CharmLB> Load balancer assumes all CPUs are same.
Charm++> Running on 1 unique compute nodes (56-way SMP).
Charm++> cpu topology info is gathered in 0.001 seconds.
Info: Built with CUDA version 8000
FATAL ERROR: CUDA error cudaGetDeviceCount(&deviceCount) in file
src/DeviceCUDA.C, function initialize
 on Pe 0 (node1.cl.siue.edu): CUDA driver version is insufficient for CUDA
runtime version

But everything below says it is cuda 8... or am I seeing that wrong?

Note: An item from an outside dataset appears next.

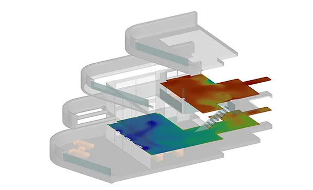 A Computational Fluid Dynamics (CFD) study was performed on behalf of Novenco Marine & Offshore to assess the performance of the ventilation system within a multi-deck ship environment. The goal was to identify hot zones and modify airflow distribution so that more cooling air is delivered to these regions. Using Ansys Fluent, Simtec team modeled complex heat dissipation from engines and gensets and simulated airflow from supply ducts under realistic operating conditions.Advanced CFD Analysis for Efficient Climate Control in Α Luxury Residential Complex in Voula, Attica

[eackad_at_node1 ~]$ nvidia-smi
Fri Oct 13 19:38:01 2017
+-----------------------------------------------------------
------------------+
| NVIDIA-SMI 367.27 Driver Version: 367.27
  |
|-------------------------------+----------------------+----
------------------+
| GPU Name Persistence-M| Bus-Id Disp.A | Volatile Uncorr.
ECC |
| Fan Temp Perf Pwr:Usage/Cap| Memory-Usage | GPU-Util Compute
M. |
|===============================+======================+====
==================|
| 0 GeForce GTX 1080 On | 0000:02:00.0 Off |
N/A |
| 27% 28C P8 6W / 180W | 0MiB / 8113MiB | 0%
Default |
+-------------------------------+----------------------+----
------------------+
| 1 GeForce GTX 1080 On | 0000:03:00.0 Off |
N/A |
| 27% 31C P8 6W / 180W | 0MiB / 8113MiB | 0%
Default |
+-------------------------------+----------------------+----
------------------+
| 2 GeForce GTX 1080 On | 0000:82:00.0 Off |
N/A |
| 27% 30C P8 6W / 180W | 0MiB / 8113MiB | 0%
Default |
+-------------------------------+----------------------+----
------------------+
| 3 GeForce GTX 1080 On | 0000:83:00.0 Off |
N/A |
| 27% 28C P8 6W / 180W | 0MiB / 8113MiB | 0%
Default |
+-------------------------------+----------------------+----
------------------+

+-----------------------------------------------------------
------------------+
| Processes: GPU
Memory |
| GPU PID Type Process name Usage
  |
|===========================================================
==================|
| No running processes found
   |
+-----------------------------------------------------------
------------------+

[eackad_at_node1 ~]$ /usr/local/cuda/samples/bin/x86_64/linux/release/
deviceQuery
/usr/local/cuda/samples/bin/x86_64/linux/release/deviceQuery Starting...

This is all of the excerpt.